Шрифт:
Интервал:
Закладка:
— Милое дитя, — сказал он Евгении после обеда, когда со стола сняли скатерть и заперли двери, — вот ты теперь наследница своей матери; у нас с тобой есть маленькие дела, требующие окончания немедленно. Так ли, Крюшо?
— Да, — отвечал нотариус, — совершенная правда.
— Но неужели нельзя отложить дела до завтра, батюшка, разве уж так важны они, что и в этот день нельзя обойтись без них?
— Да, да, дочка, да, мое сокровище, чрезвычайно важны! Ведь ты не захочешь огорчить старика, отца твоего, дочь моя?
— О милый батюшка!
— Так мы сейчас примемся за них, милый друг мой.
— Но что мне нужно делать? Скажите скорее, батюшка.
— Душечка, это не мое дело. Друг Крюшо объяснит тебе все.
— Сударыня, — начал нотариус, — батюшке вашему не хотелось бы ни делиться, ни продавать своих владений, ни тратить напрасно огромные суммы на расходы при разделе имения. Батюшка ваш не желал бы давать никаких отчетов и не дробить имения, которым вы владеете теперь с ним вместе и нераздельно.
— Крюшо, — закричал старик, — но уверены ли вы, что все это правда, что все это законно?
— Позвольте, позвольте, Гранде…
— Да, да, мой друг, мой старый, верный друг, ни ты, ни моя дочь, примерная, добрая дочь, не захотите вконец разорить меня. Не правда ли, ангел мой?
— Но, сударь, — сказала Евгения, обращаясь к Крюшо, — скажите мне, что нужно сделать для этого?
— Вот, — отвечал нотариус, — нужно подписать этот акт, которым вы отрекаетесь совершенно от требования на выдел вам наследства после вашей матушки, предоставив вашему батюшке пользование всем не разделенным между вами имуществом и на которое он обеспечит за вами право собственности без владения.
— Право, я не понимаю вас, — сказала Евгения. — Покажите мне место, где подписаться, и дайте перо.
Крупный пот катился по лицу старика, он терпел адские муки и в тяжком волнении смотрел попеременно на дочь и на акт, на акт и опять на дочь.
— Ангельчик мой, — сказал он, — этот акт дорого обойдется нам. Если бы ты, душечка, прямо захотела подписать совершенное отречение от наследства после нашей бедной покойницы и показать этим все доверие, всю любовь к отцу своему, так это было бы гораздо лучше. Тогда, милый друг, каждый месяц я бы выдавал тебе по сто франков. Послушай, Евгения, сто франков в месяц, подумай-ка, дочечка! Ты тогда будешь в состоянии заказывать столько обеден, сколько душе угодно, молиться вдоволь за всех, за кого ты там молишься. Ха, сто франков, верных сто франков — ливрами!

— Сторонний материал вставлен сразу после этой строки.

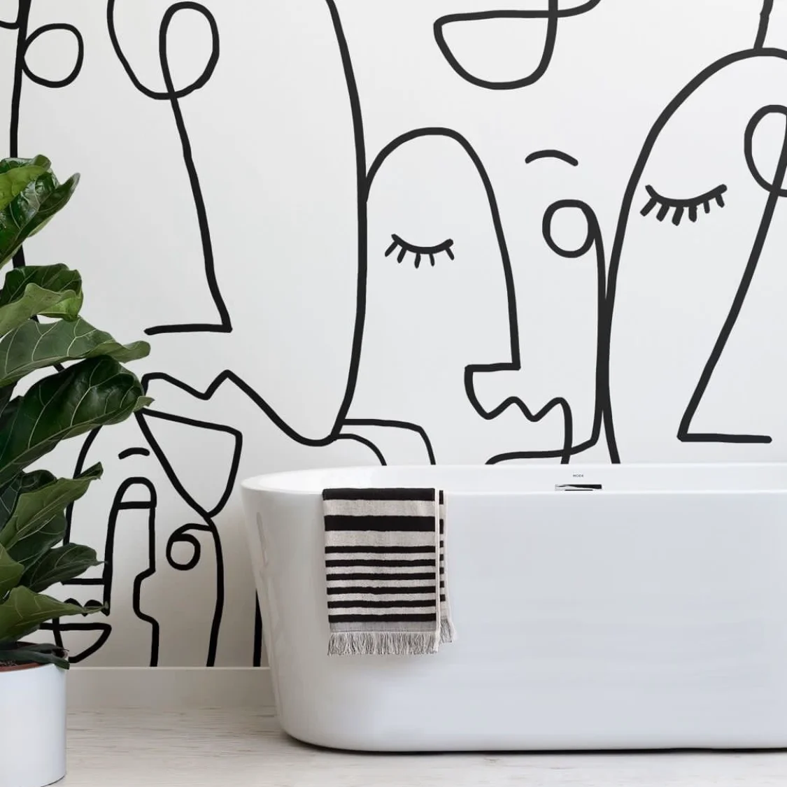 Самоклеящиеся обои Bacaz для рисования больших линий лица, Настенные обои для ванной, Canbinet, фон, съемный портрет, 3D обои

— Я согласна, батюшка, на все, что вам угодно.
— Сударыня, я должен вам заметить, что вы сами себя разоряете….
— Так что же из этого?
— Молчи, молчи, Крюшо, молчи, старый друг, кончено! — сказал он торжественно, ударяя рукой по руке дочери. — Ведь ты не отопрешься, дочка, ты не отдумаешь потом, сдержишь свое слово, свое честное слово? Ведь ты честная девушка, Евгения!
— О милый батюшка!
Старик схватил дочь, судорожно сжал в своих объятиях, целовал как безумный, чуть-чуть не задушил ее поцелуями.
— Дитя мое, кровь моя, ты спасла жизнь отцу своему; ты отдашь ему то, что он дал тебе; мы сквитались, ты ничего не должна мне более; вот как делаются дела, Крюшо! Ведь вся жизнь человеческая — сделка и спекуляция, старый друг мой. Благословляю тебя, добродетельная, примерная дочь моя, ты любишь своего папашу. Теперь делай все, что тебе угодно будет. Так до завтра, Крюшо, — сказал он, взглянув на остолбеневшего от изумления и испуга нотариуса, — до завтра, друг мой; приготовьте нам форменный акт отречения, а завтра мы его подпишем в канцелярии суда.
На другое утро, в полдень, было подписано заявление, которым Евгения как бы совершала сама над собой грабеж.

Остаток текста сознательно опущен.